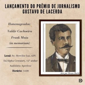 Para marcar o aniversário de 15 anos do Portal Desacato, celebrados nesta quinta-feira, dia 25 de agosto, a mídia independente irá instituir e entregar o Prêmio Gustavo de Lacerda ao jornalista e ilustrador Frank Maia, que faleceu em junho deste ano, e ao jornalista e ex-diretor do Sindicato dos Jornalistas de Santa Catarina, Valdir Cachoeira, em reconhecimento aos serviços prestados à classe trabalhadora. O evento será nesta quinta às 14 horas, no auditório da APCelesc, com a introdução do historiador Fábio Garcia. Bruno Barbi é o autor das aquarelas que serão entregues aos homenageados.
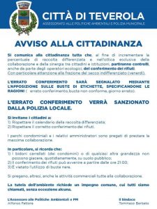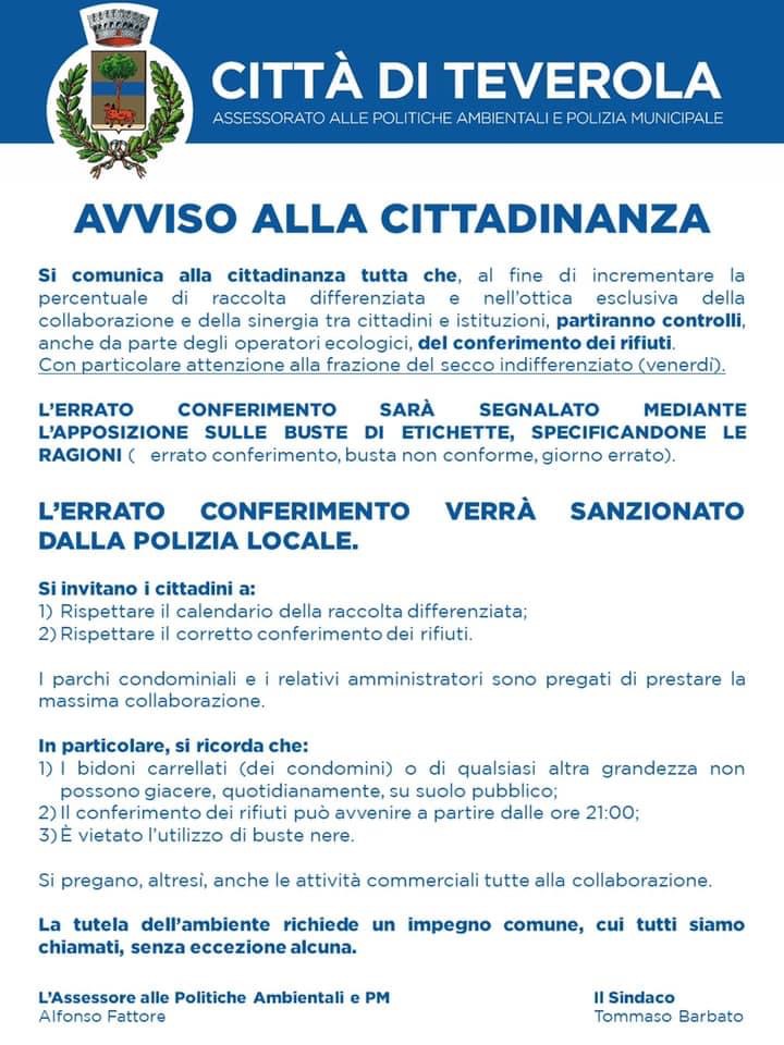 Teverola– “A partire dai prossimi giorni, con particolare attenzione al Venerdì (frazione del secco indifferenziato), partiranno controlli serrati da parte degli operatori ecologici in sinergia con la Polizia Locale.
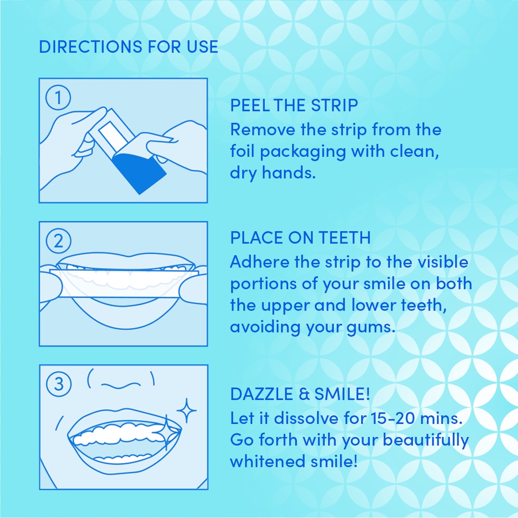 14 strips for 7 days treatment to both upper and lower teeth. The strips are not that long and would only cover the front 6 teeth at most. Best to apply them with dry fingers. However they are sticky when wet and would tear easily. They also stick to the back of lips. Leaves a minty and refreshing taste/scent. Dissolves on teeth after about 20mins. Hope will see some whitening!

------------------------

#### [WORK INSTRUCTIONS]
The required output is the line containing "la Polizia Locale." plus every line after it to the end of the data, copied exactly and with no pictures.

#### [RESULT OF THIS EXERCISE]
 Teverola– “A partire dai prossimi giorni, con particolare attenzione al Venerdì (frazione del secco indifferenziato), partiranno controlli serrati da parte degli operatori ecologici in sinergia con la Polizia Locale.
 14 strips for 7 days treatment to both upper and lower teeth. The strips are not that long and would only cover the front 6 teeth at most. Best to apply them with dry fingers. However they are sticky when wet and would tear easily. They also stick to the back of lips. Leaves a minty and refreshing taste/scent. Dissolves on teeth after about 20mins. Hope will see some whitening!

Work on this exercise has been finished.